First I stopped under an oak tree on top of the hill behind Nally's and sat there looking out at the wide sweep of the valley and the miles of flat woods over toward the straight line of the horizon where Rohan's knob is.
The wind ran over the bent, brown grasses and moved the shoulders of all the green trees, and I looked at the dark mass of woods beyond the distillery, on those hills down to the south of us and realized that it is when I am with people that I am lonely, and when I am alone I am no longer lonely.
Gethsemani looked beautiful from the hill. It made much more sense in its surroundings. We do not realize our own setting as we ought to: it is important to know where you are put, on the face of the earth. Physically, the monastery is in a great solitude. There is nothing to complain about from the point of view of geography. One or two houses a mile and a half away and then woods and pastures and bottoms and cornfields and hills for miles and miles.
I had a vague idea there was a nice place beyond the field we call Hick's House although there has been no house there for years. I went to the calf pasture beyond St. Malachy's field at the foot of the knob where the real woods begin. It is a sort of covawhere Our Lady might appear. From there we started walking to get to the forest fire we went out to fight on All Saints Day two and a half years ago.
It was quiet as the Garden of Eden. I sat on a high bank, under young pines, and looked out over this glen. Right under me was a dry creek, with clean pools lying like glass between the shale pavement of the stream, and the shale was as white and crumpled as sea-biscuit. Down in the glen were the songs of marvelous birds. I saw the gold- orange flame of an oriole in a tree. Orioles are too shy to come near the monastery. There was a cardinal whistling somewhere, but the best song was that of two birds that sounded as wonderful as nightingales and their song echoed through the wood. I could not tell what they were. I had never heard such birds before. The echo made the place sound more remote, and self-contained, more perfectly enclosed, and more like Eden.
The black clouds meanwhile piled up over the glen, and I went to where there was a shed, down at the entrance to the wilderness, a shed for the calves to shelter in, in cold weather in the fall. And yet it did not rain.
I looked up at the pines and at the black smoke boiling in the sky: but nothing could make that glen less peaceful, less of a house of joy.
On my way home I turned to the storm and saw it was marching northeastward following the line of the knobs, over on the other side of them, following the line of the Green River turnpike that is far over there beyond the property in the woods, going from New Haven to Bardstown. I got in just after the first bell for Vespers. Only when we were in choir for first Vespers of the Feast of the Sacred Heart did it begin to rain. Even then it did not rain much.
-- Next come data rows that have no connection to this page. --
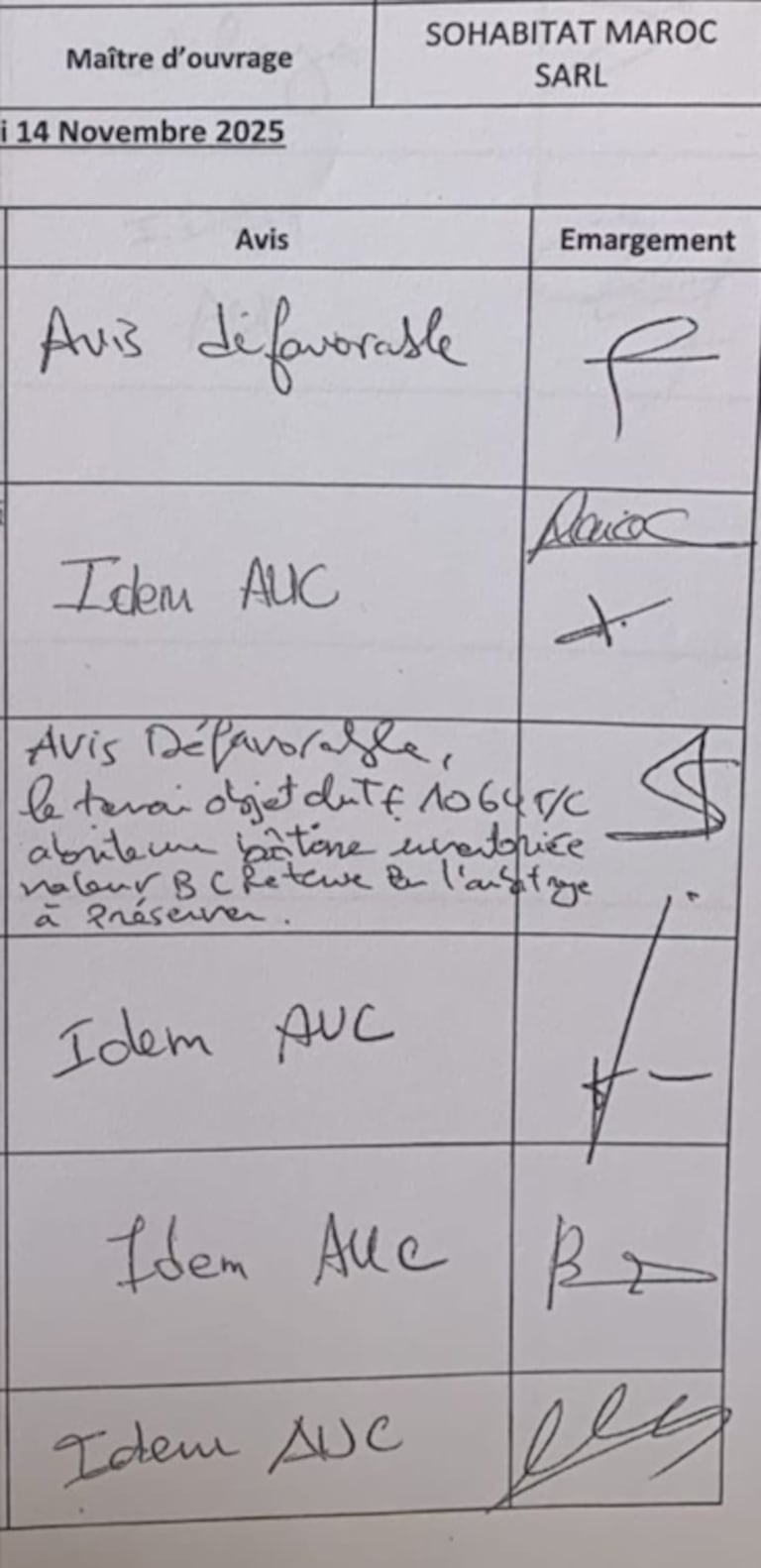 Cette demande est rejetée par l’Agence urbaine, précisément en raison de la valeur patrimoniale du bâtiment. Une commission mixte est alors dépêchée sur place. Le 14 novembre 2025, elle rend un avis défavorable, à l’unanimité de ses membres. Autrement dit, la démolition demandée par SOHABITAT MAROC n’est pas autorisée. Dans le document ci-dessous, les noms des membres de la commission mixte ont été enlevés à la demande de notre source: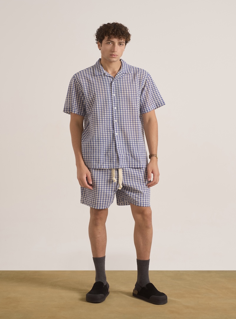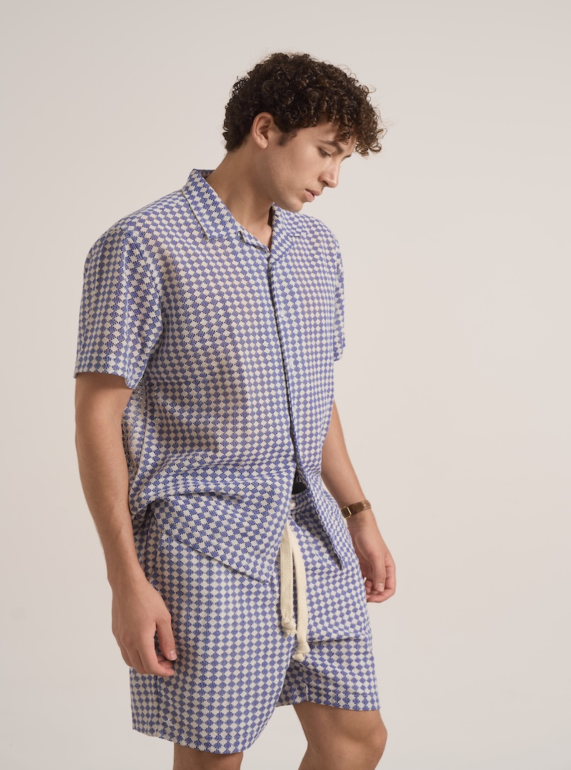 Introducing our Men’s Navy Blue Crochet Cotton Set, designed for both style and comfort. This set includes a short-sleeve button-up shirt and matching underlined shorts with two sides internal pockets, made from breathable cotton crochet fabric. The shirt features a relaxed fit with a classic collar, making it suitable for casual daywear or lounging. The matching shorts have an elastic waistband for a comfortable fit and provide a seamless look when worn together. Ideal for warm-weather outings or beachwear.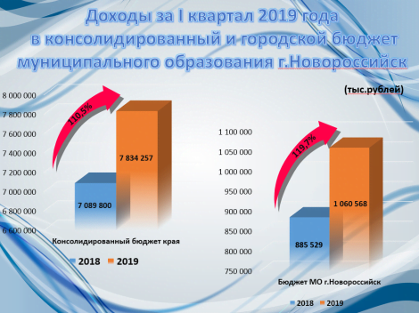 Поступления увеличены на 10,5% по сравнению с аналогичным периодом прошлого года. С учетом ранее доведенного увеличенного задания по доходам консолидированного бюджета, город Новороссийск занимает 3 место среди 44 муниципальных образований края по уровню исполнения консолидированного бюджета.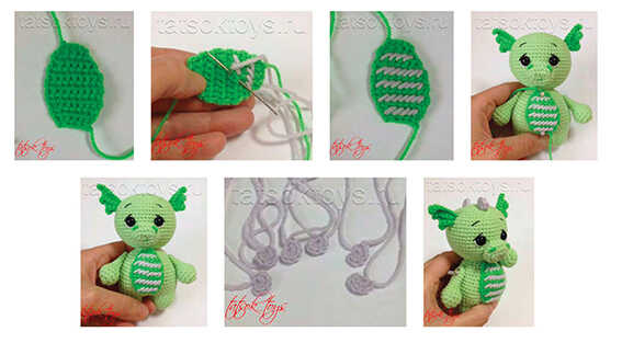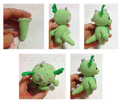 Sew the spikes starting 4 rounds above the eyebrows, between the ears, then continue along the head, body, and tail.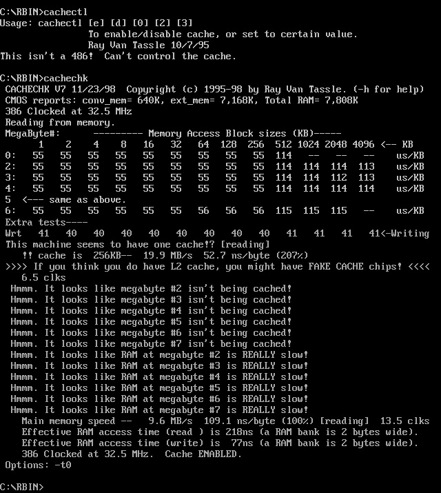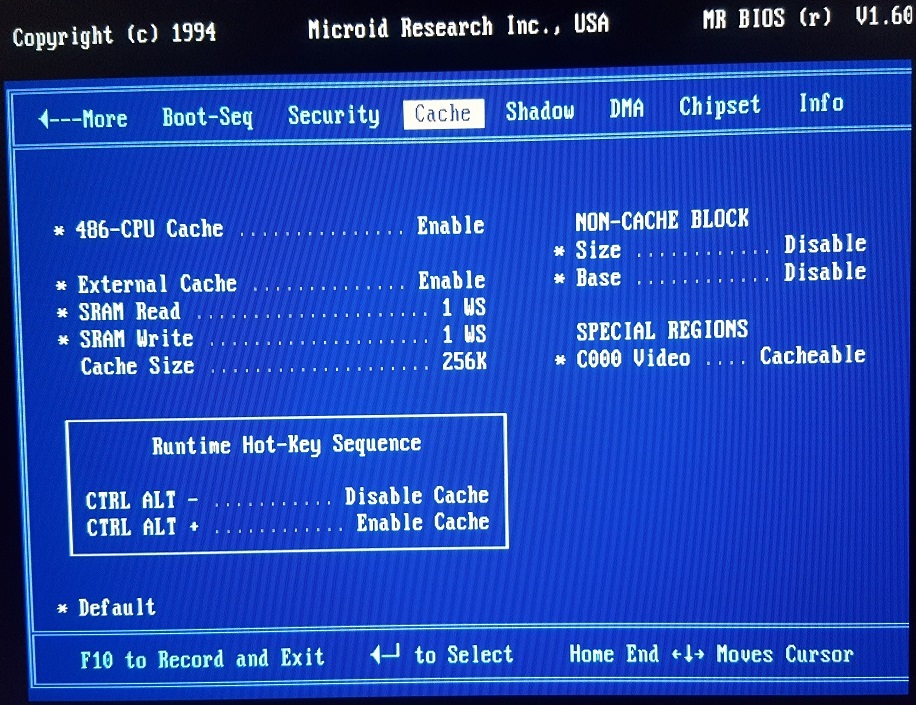The MR BIOS on this mobo is 'Cyrix DLC aware', and it provides a setting to enable or disable the L1 cache. I double-checked the cache is enabled/disabled by using the Cyrix Cx486DLC utility which allows you to tweak the CPU registers directly, as there have been reports of some 'Cyrix aware' motherboards failing to enable the cache correctly.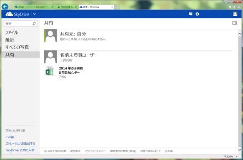 つまり、Windows8.1とそれ以前のOSでは、少し見え方が違います。このあたりはOSにSkyDriveを統合したメリットといえるでしょう。一方で、Windows7では表示されている他のユーザーから共有されたアイテムがWindows8.1のExplorerでは見えません。設定の問題なのか、そういうものなのかは、今のところわかっていません。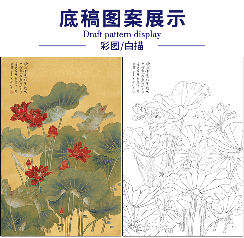 俞致贞花鸟工笔画白描底稿《荷花》临摹勾线高清打印稿ZZ24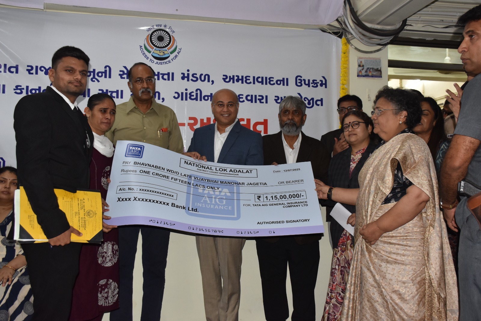 મનુષ્યનું જીવન ખૂબ જ અણમોલ છે, તેની સરખામણીમાં અન્ય કોઈ પણ ચીજ તુચ્છ લાગે છે.પરંતુ ક્યારેક સમય સંજોગે એવા હાલાત ઉત્પન્ન થાય છે જ્યારે જીવ ગુમાવનારના પરિવારને વળતર માટે કોર્ટના દરવાજા ખખડાવવા પડે છે. આવો જ એક કિસ્સો એટલે લીંબડીયા કેનાલ બ્રીજ પાસે સાત માસ પહેલા કાર અકસ્માતમાં મૃત્યુ પામેલ યુવકનો હતભાગી પરીવાર! વાહન અકસ્માતના આ રીતના કેસોના નીકાલ માટે શનીવારે ગાંધીનગર સહીત દેશભરમાં રાષ્ટ્રીય લોક અદાલત યોજાઈ હતી. ત્યારે વર્ષ ૨૦૨૪ માં લીંબડીયા કેનાલ બ્રીજ પાસે ઉભેલી ટ્રકમાં કાર ઘુસી જતા ૩૫ વર્ષના યુવકનું મૃત્યુ થયુ હતુ. આ કેસમાં લોક અદાલતમાં બન્ને પક્ષોનું સમાધાન થયુ હતું. કેસના નીકાલના ભાગ રૂપે મૃતક વિજય જગેટીયાના પરીવારને હાઈકોર્ટ જસ્ટીસ ના હસ્તે રૂા. ૧.૧૫/-કરોડના વળતરનો ચેક આપવામાં આવ્યો હતો.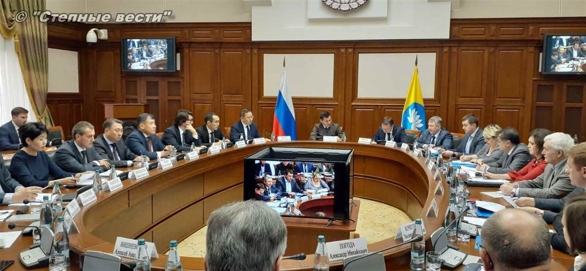 В Доме правительства сегодня состоялось первое заседание рабочей группы по вопросу обводнения Республики Калмыкия с участием главы региона Бату Хасикова и руководителя Федерального агентства водных ресурсов Дмитрия Кириллова, возглавившего делегацию от центрального аппарата Росводресурсов.

Back in the refectory one of the novices read to us at supper an article, taken from the American Ecclesiastical Review, on the privileges of a minor basilica and all the monks were laughing themselves silly at the description of the half-open parasol and the bell on the end of a pole and the other incidentals which go to make life unusually complicated in a minor basilica. Today we are back in the middle of a book about Russia called God's Underground, parts of which I almost but not quite believe.